In anticipation of this week’s trial — the second against Mr Trump in just the last 13 months — several Republicans openly dismissed the need for an impeachment trial, arguing that since Mr Trump does not presently hold office, convicting him is a moot point.

“A complete waste of time,” declared Senator Rick Scott of Florida.

“Welcome to the stupidest week in the Senate,” North Dakota’s Kevin Cramer scoffed.

Over the last two days, the impeachment managers have dismantled that short-sighted argument (and several others) by pointing out the obvious: an impeachment conviction not only boots a current public servant from office, but also triggers a vote to disqualify him from ever holding it again.

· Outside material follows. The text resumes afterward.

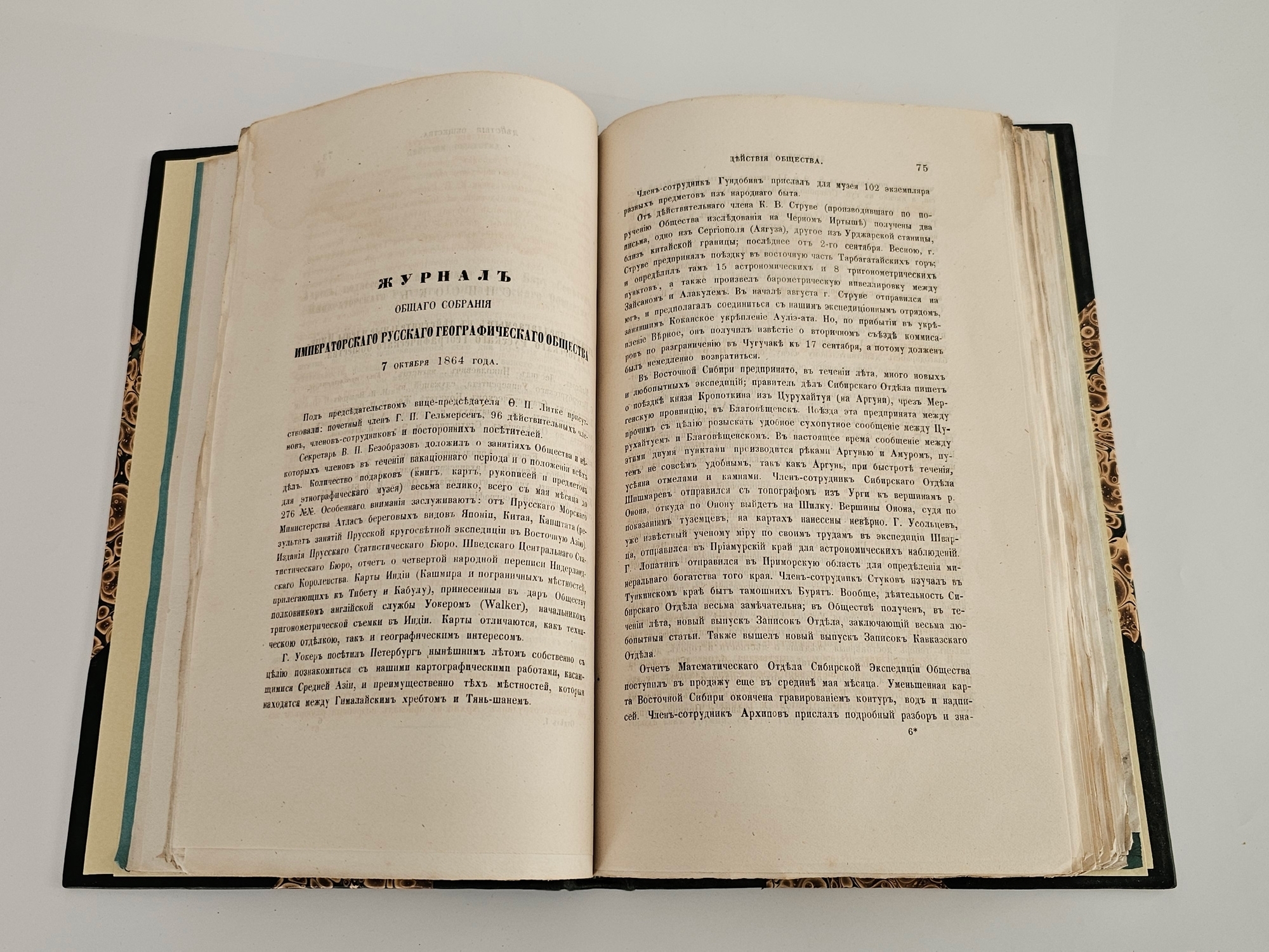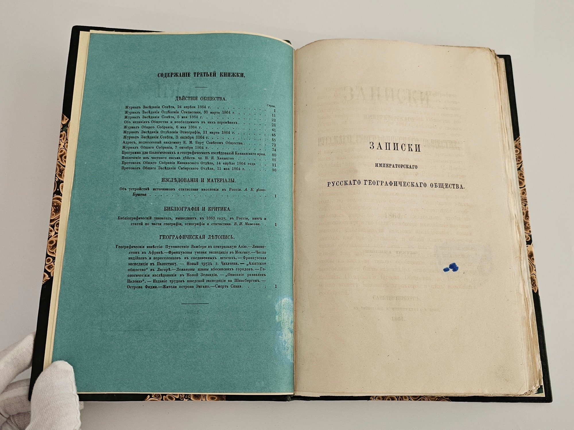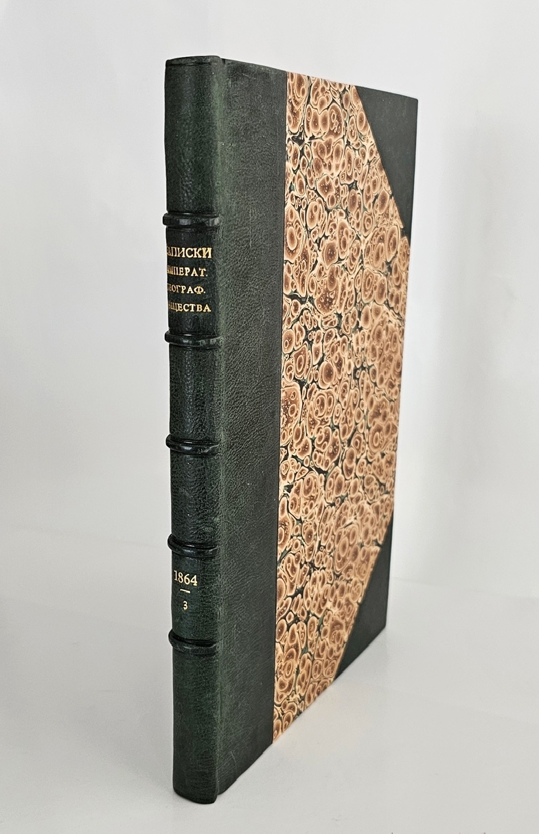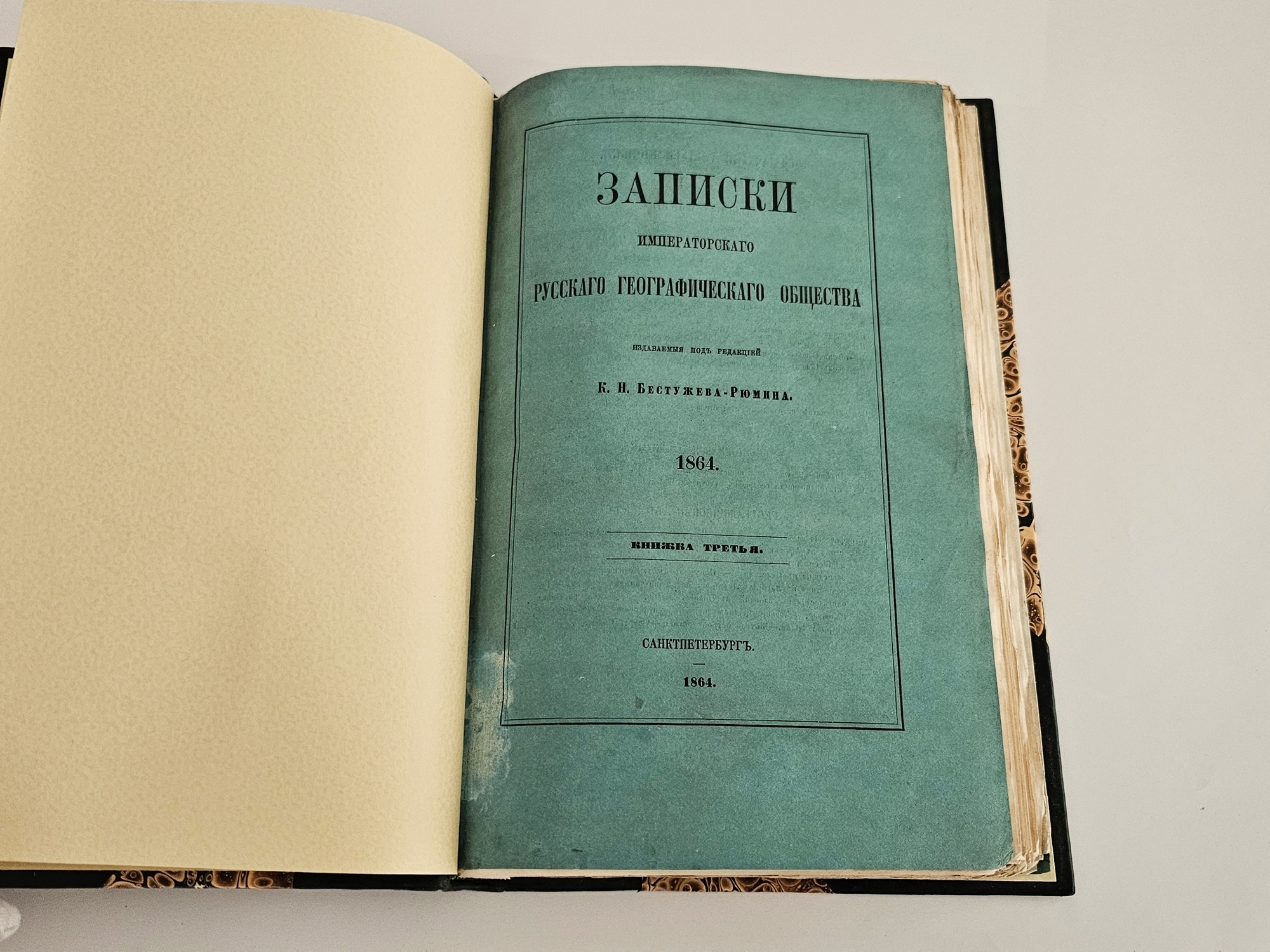 «Записки Императорского Русского географического общества. 1864. Книжка 3» изданы в Санкт‑Петербурге в типографии В. Безобразова и К° в 1864 году. Книга оформлена в полукожаный переплет в конце XX века, с сохранением издательской обложки. Блок необрезанный, есть подмокание от попадания воды в верхней части блока. Объём издания — [6], 98, 122, 78, 15, 2 страницы.

For a former president whose last words before leaving Washington on 20 January included the phrase, “We’ve only just begun,” and whose aides have insisted is eager to run again in 2024, that second point feels especially salient.

The impeachment trial of Mr Trump has never primarily been about protecting the US against the present danger posed by a former president watching the trial from his Mar-a-Lago resort in Palm Beach, Florida (although he does still pose a threat, the managers argued).

The damage was already done, on 6 January, when five people died and the halls of the Capitol were desecrated.

No, the managers argued on Thursday, the impeachment trial is about safeguarding the US from that man ever reclaiming the presidency to inspire more violence and attacks.

Mr Raskin, whose 58 years on this earth have been a lifelong study of America's four-page founding document, used his closing remarks on Thursday to preemptively rebut Mr Trump’s main line of defence — that putting a former president on trial for an impeachment is unconstitutional.

If a US president can incite a violent rebellion against a co-equal branch of government in the final days of his office and then simply vacate the White House to avoid any political consequences, what good does the Constitution’s impeachment power serve?

“If you don't find this a high crime and misdemeanor today you have set a new terrible standard for presidential misconduct in the United States of America,” Mr Raskin said.

“The precedent he has asked you to create, which would allow any future president to do precisely what he did, is self-evidently dangerous. … He must be convicted.”

Mr Trump’s counsel will have 16 hours over the next two days to defend the former president’s actions.

They are expected to lean heavily on two arguments:

  • First, that a former president cannot be tried on impeachment articles, a claim that has been roundly rejected by most constitutional scholars from across the political spectrum; and
  • Second, that Mr Trump was simply exercising his First Amendment right to free speech when he was questioning the results of the 2020 election.

Impeachment manager Joe Neguse panned that second argument as a “distraction” based on an “alternative set of facts” that doesn’t accurately reflect the nature of Mr Trump’s speech on 6 January and the context surrounding it (chiefly, his months-long crusade to undermine his supporters’ faith in the election).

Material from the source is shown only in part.